Cependant il ressort des pièces versées aux débats que le bail portait sur des terres appartenant à sa mère pour un total de 33 ha 26 a 97 ca situées à [Localité 16] (80) et à [Localité 19] (80), à savoir :
— A [Localité 16],
*94 ares de pâture à prendre dans la parcelle lieudit « [Adresse 24] » section Y n°[Cadastre 3] de 1 ha 1 a 77 ca,
*1 ha 7 a 33 ca de pâture cadastrés au lieudit « [Adresse 24] » section Y [Cadastre 6] provenant de la division de la parcelle Y n°[Cadastre 4] en deux nouvelles parcelles n°[Cadastre 5] pour 1 ha faisant l’objet d’un acte de donation au profit de M. [E] [B] le 25 mars 2005 et section Y n°[Cadastre 6] pour 1 ha 07 a 33 ca restant appartenir à Mme [V],
*4 ha 35 a 20 ca de terre cadastrés au lieudit « [Adresse 24] » section ZB [Cadastre 10],
*6 ha 49 a 70 ca de terre cadastrés au même lieudit section ZB n°[Cadastre 13],
*1 ha 13 a 60 ca de terre cadastrés au lieudit « [Adresse 25] » section ZM n°[Cadastre 9],
*3 ha 98 ares 40 ca de terre cadastrés au lieudit « [Adresse 20] » section ZM n°[Cadastre 11],
*4 ha 74 a de terre cadastrés au lieudit « [Adresse 22] » section ZN n°[Cadastre 14],
*6 ha 36 a 70 ca de terre cadastrés au lieudit « [Adresse 23] » section ZN n°[Cadastre 1],
— A [Localité 19],
*4 ha 18 a 04 ca de terre cadastrés au lieudit « [Adresse 27] est » section ZP n°[Cadastre 8].
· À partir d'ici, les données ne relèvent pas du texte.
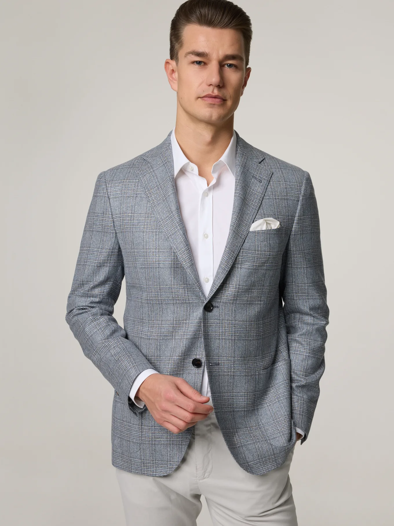 Unser Model misst 187 cm und trägt Grösse 50.

Or l’arrêté de la direction départementale de l’agriculture et de la forêt du 22 novembre 2004 joint au bail, qui l’autorise à exploiter la surface de 117 ha 75 a de terres à [Localité 16] exploitées par la cédante Mme [U] [V], ne mentionne pas la parcelle située à [Localité 19] ni d’ailleurs les terres qu’elle louait dans d’autres communes ([Localité 17], [Localité 21]') selon le relevé parcellaire MSA de sa mère du 31 décembre 2004 qu’il produit aux débats.
Par ailleurs cet arrêté fait mention de 41 ha 52 que M. [E] [B] avait déjà l’autorisation d’exploiter.
Dès lors il est justifié, pour éclairer au mieux la cour sur les parcelles comprises dans les 117 ha auxquels se réfère l’acte de cession du cheptel et autres éléments d’actifs de l’exploitation agricole de feue [U] [V], et déterminer si les terres données à bail par Mme [V] en font partie, de rouvrir les débats et d’enjoindre à M. [E] [B] de produire certaines pièces selon les modalités précisées au dispositif du présent arrêt.
PAR CES MOTIFS
La cour, statuant contradictoirement et par arrêt rendu publiquement par mise à disposition au greffe,
Avant dire-droit, enjoint à M. [E] [B] de produire contradictoirement aux débats, avant le 25 janvier 2025, les pièces suivantes :
— l’annexe à l’arrêté du 22 novembre 2004 l’autorisant à exploiter 117 ha 75 ares, listant les parcelles exploitées et cédées par sa mère,
— l’arrêté antérieur l’autorisant à exploiter 41 ha 52, ainsi que son annexe listant les parcelles objet de sa demande d’autorisation d’exploiter,
— l’acte ou les actes de la cession des baux consentie par sa mère,
— le relevé parcellaire de la MSA (situation cadastrale) récapitulant les terres exploitées par M. [E] [B] au 31 décembre 2004,
Ordonne la réouverture des débats à l’audience du 11 février 2025 à 9h30,
Réserve les dépens et frais hors dépens.